Question

In a square matrix A of order 3, $a_{ii} = m_i + i$ where i = 1,2,3 and $m_i$'s are the slopes (in increasing order of their absolute value) of the 3 normals concurrent at the point (9,-6) to the parabola $y^2 = 4x$. Rest all other entries of the matrix are one.

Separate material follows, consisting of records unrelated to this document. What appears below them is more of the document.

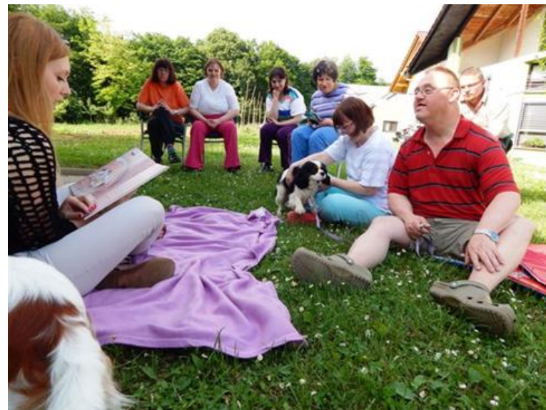
Udeleženci s posebnimi potrebami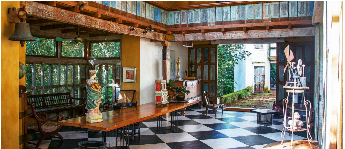
Lunuganga – Bawas Meisterwerk

Auf den Spuren des Architekten Geoffrey Bawa mit Besuch der Ostküste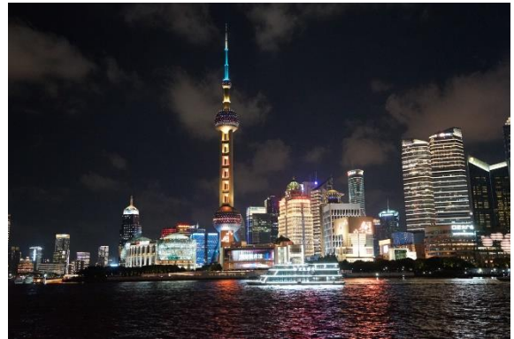
上海外灘 (東方明珠塔)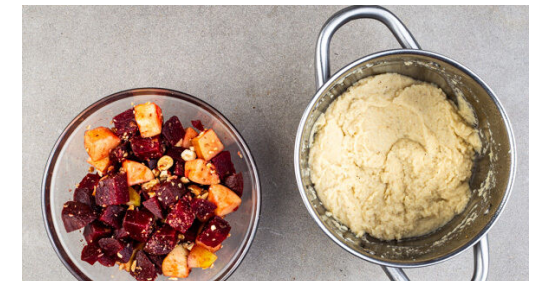
6. Püree zubereiten

Die Pfanne vom Herd nehmen und das Fleisch mit der Balsamicocreme beträufeln, dabei wenden, um es gleichmäßig zu glasieren. Mit 1 kräftigen Prise Salz und 1 Prise Pfeffer würzen und bis zum Servieren auf einem Teller abgedeckt ruhen lassen.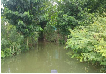
တောပုရွာ မြင်ကွင်း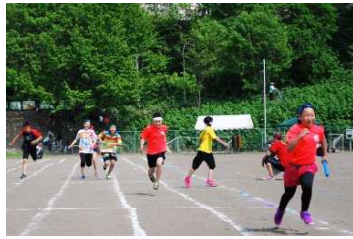
《白熱の高学年リレー》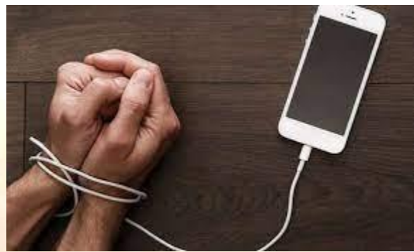
Всесвітній день без мобільного телефону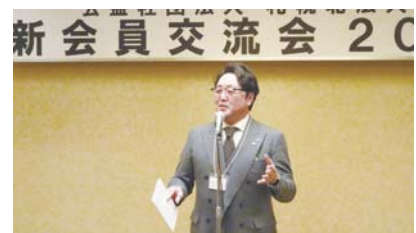
成田副会長中締め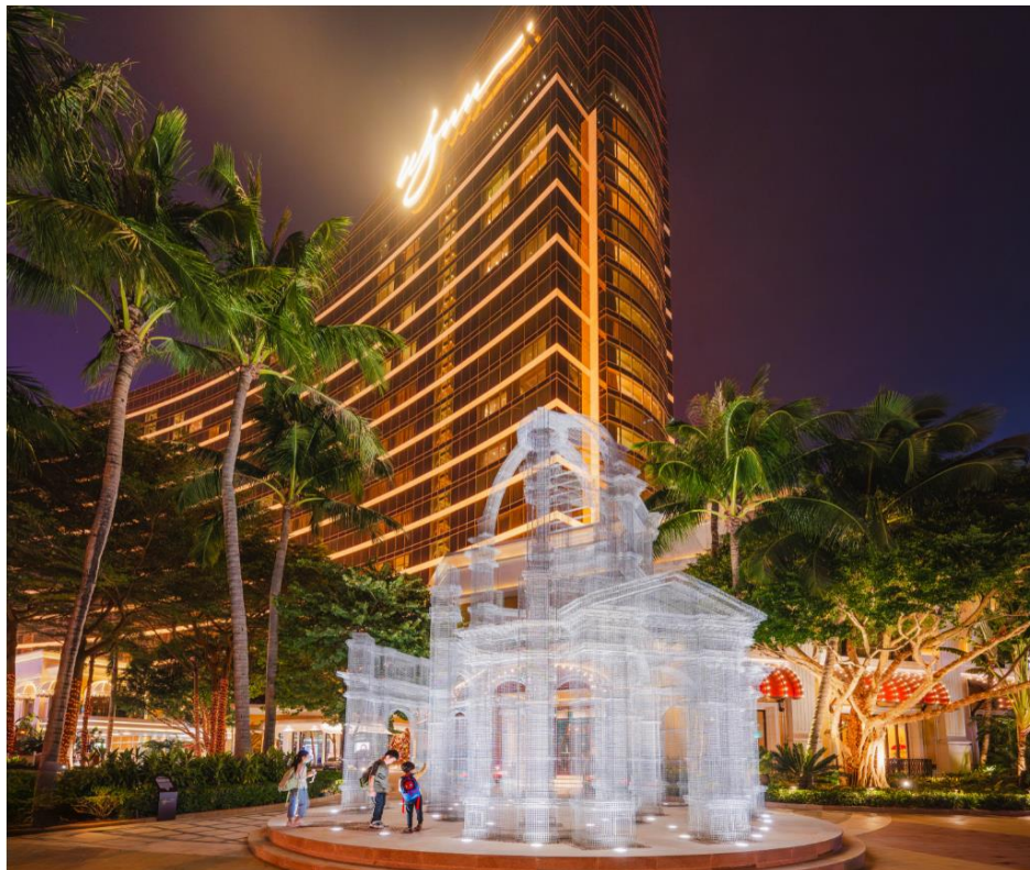
艾杜雅多·特雷索迪最引人矚目的作品之一《縈思》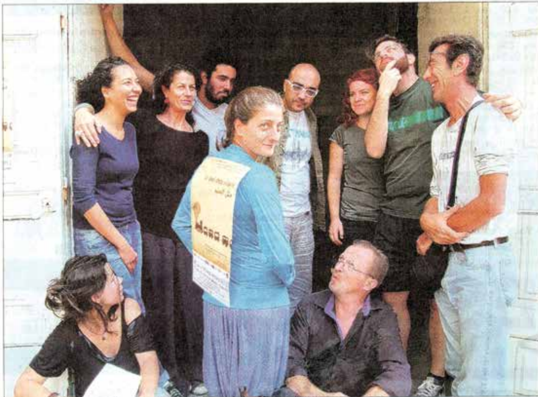
Les artistes français et libanais devant la Chapelle des Pénitents Blancs.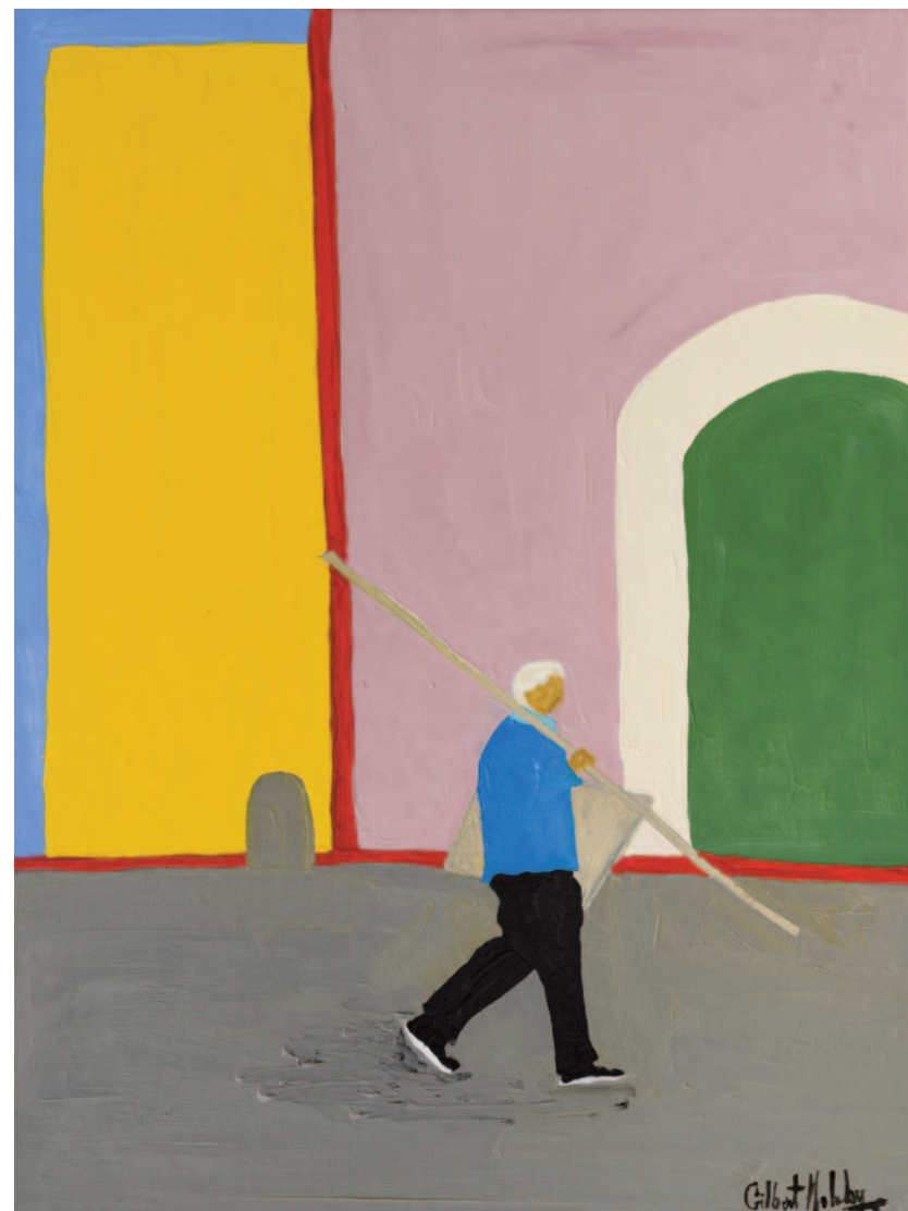
Fra un caffè e l'altro fa il corniciaio, 2023 olio su tela applicata su cartoncino 40 x 30 cm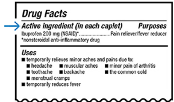
Figura 1. Ingredientes activos en la etiqueta de un medicamento sin receta

medicamentos con receta enumeran sus ingredientes activos en la etiqueta. El nombre de los ingredientes activos es el mismo que el del medicamento genérico.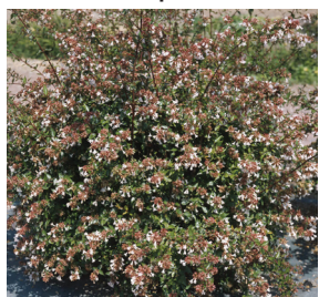
Abelia x grandiflora ( Abélia )

Arbustes plantés entre les emplacements afin de délimiter les espaces et cacher des vis-à-vis.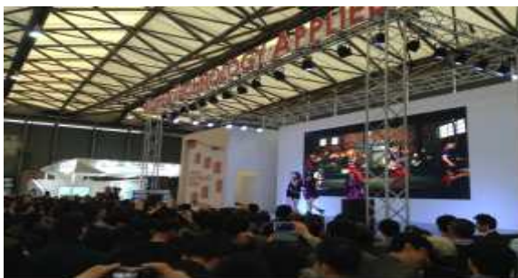
< 한류 공연 >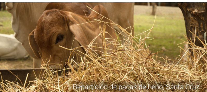
Repartición de pacas de heno, Santa Cruz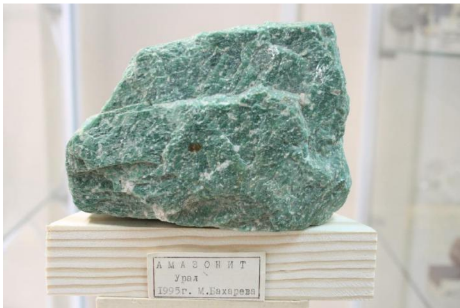
Фото 15. Амазонит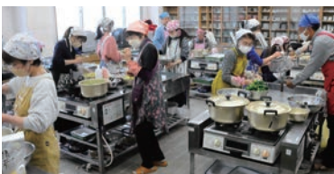
賑やかな調理風景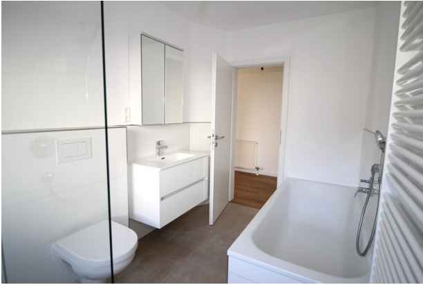
... u. Badewanne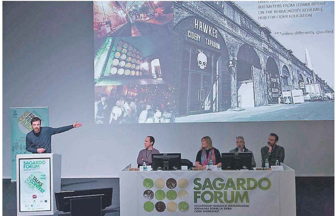
III. Sagardo Forumean antolatutako jardunaldi teknikoetako saio bat SAGARDOAREN LURRALDEAN

Aurten ere, bertako, nazioko zein nazioarteko epaileek, beste-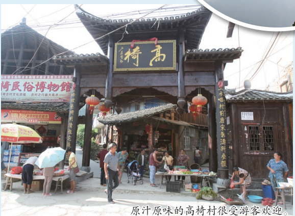
原汁原味的高椅村很受游客欢迎。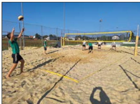
Odbojka na mivki – utrinek s turnirja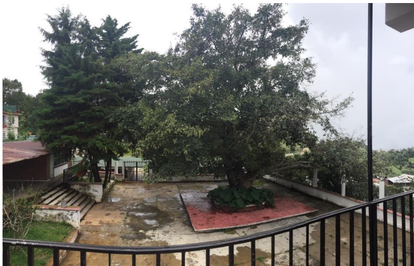
Imagen No.4 Centro de Educación para la Atención de Jóvenes y Adultos “Nicolás Bravo”

En la actualidad el edificio es prestado por las autoridades municipales para albergar las supervisiones escolares bajo la responsabilidad de cada una de ellas, entre las que se encuentra la Supervisión de la Zona Escolar A035 de EJA, así como también el CEAJA “Nicolás Bravo”. En el centro de la arquitectura del edificio se encuentra uno de los pocos árboles de Amate, del cual se deriva el nombre del municipio, siempre verde, de 24 metros de altura y 2 metros de diámetro, generoso con su sombra, su fruto es una esfera carnosa parecida al higo. (Ver Imagen No.4).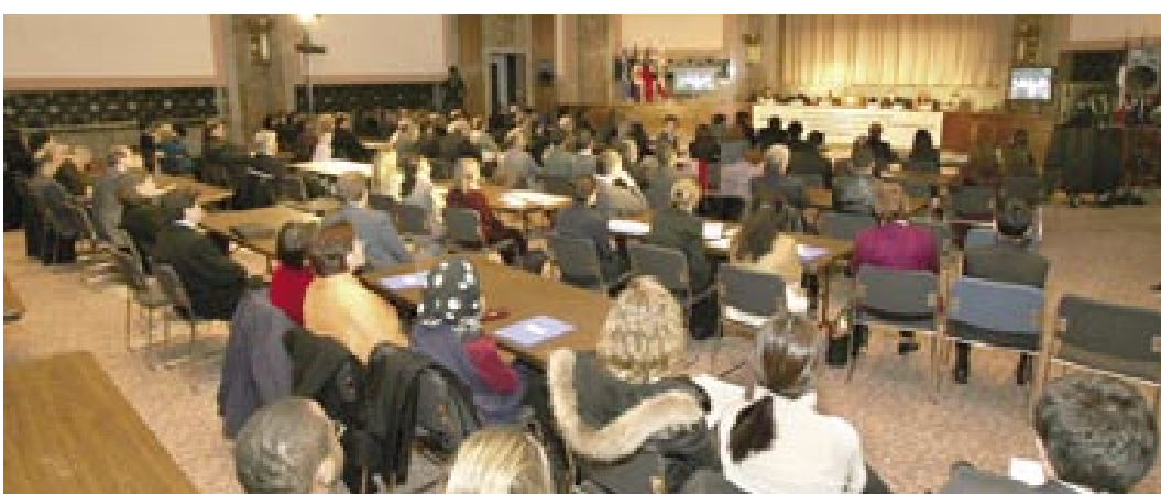
سمینار بزرگ در سنای آمریکا علیه تهدیدات بنیادگرایی در ایران و عراق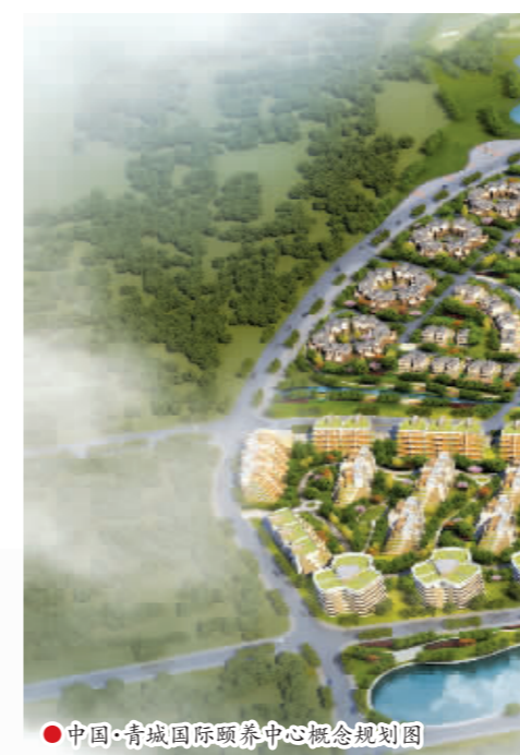
中国·青城国际颐养中心概念规划图

医养组团集老年健康体检和专病治疗、康复、疗养、养生和最新生命科学研究成果应用为一体, 组团内包含一座按国家三甲综合医院标准建设的, 以老年专病医疗、康复为特色的医院, 一个健康体检中心和一个抗衰老生命科学研究院院士工作站, 通过解放军总医院健康管理研究院设在颐养中心的远程健康咨询平台, 提供远程专病咨询、病理会诊、远程影像、心电和医疗直通渠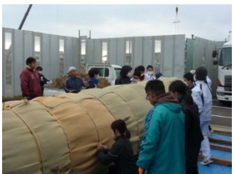
畳表を巻いてほぼ完成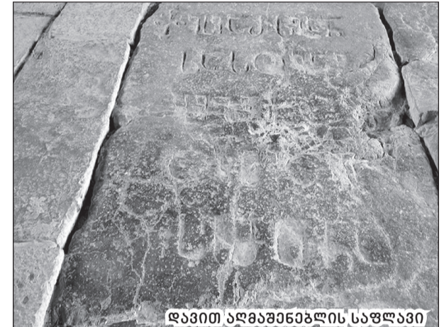
დავით აღმაშენებლის საფლავი

თუ ამ სახელწოდებას გრამატიკულად გავეშივრავთ, შემდეგს მივიღებთ: „საქართველოს მამინდელი საქეთმკვრიბელთაგან ახლად დაარსებულ აკადემიას ებრძანა: „განათე!“ ე.ი. ლამაზაძე აენთე და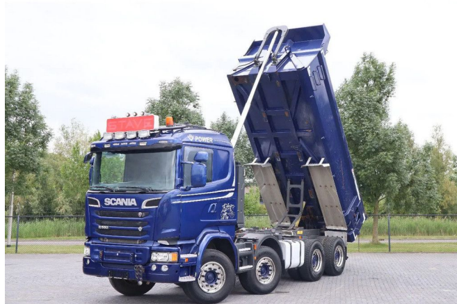
Scania R580 V8 | FULL STEEL | BIG AXLES | RETARD... 8x4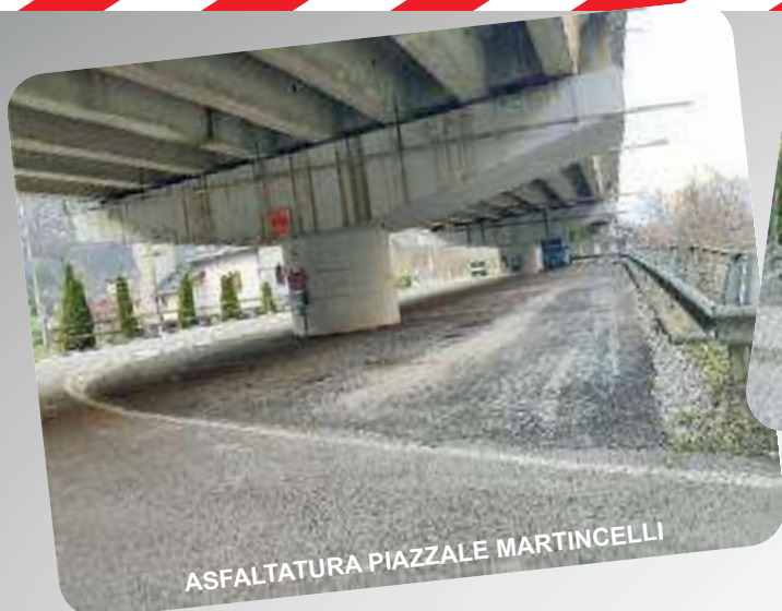
ASFALTATURA PIAZZALE MARTINCELLI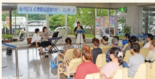
▲ロビーコンサートの様子（7月10日）

▶詳しくは、市役所ロビーコンサート実行委員会事務局（同課内、☎66・1019）へ。

The value of det. (A) is equal to:

• A. 37
• B. -6
• C. -4
• D. -9

Answer 1

Answer: (C)

-4

Answer 2

The equation of a normal to the parabola $y^2 = 4x$ (where $a=1$) is given by $tx + y - t^3 - 2t = 0$. For the normal to pass through (9, -6), we substitute these coordinates into the equation: $9t - 6 - t^3 - 2t = 0$, which simplifies to $t^3 - 7t + 6 = 0$. Factoring this cubic equation gives $(t-1)(t-2)(t+3) = 0$, so the roots are $t=1, 2, -3$. The slopes of the normals are $m = -t$, which are $m_1 = -1, m_2 = -2, m_3 = 3$. Ordering these slopes by their absolute values: $|-1|=1, |-2|=2, |3|=3$. Thus, $m_1 = -1, m_2 = -2, m_3 = 3$. The diagonal elements of matrix A are $a_{ii} = m_i + i$. $a_{11} = m_1 + 1 = -1 + 1 = 0$ $a_{22} = m_2 + 2 = -2 + 2 = 0$ $a_{33} = m_3 + 3 = 3 + 3 = 6$ The matrix A is:

$$A = \begin{pmatrix} 0 & 1 & 1 \\ 1 & 0 & 1 \\ 1 & 1 & 6 \end{pmatrix}$$

The determinant of A is: $\det(A) = 0(0-1) - 1(6-1) + 1(1-0) = 0 - 5 + 1 = -4$.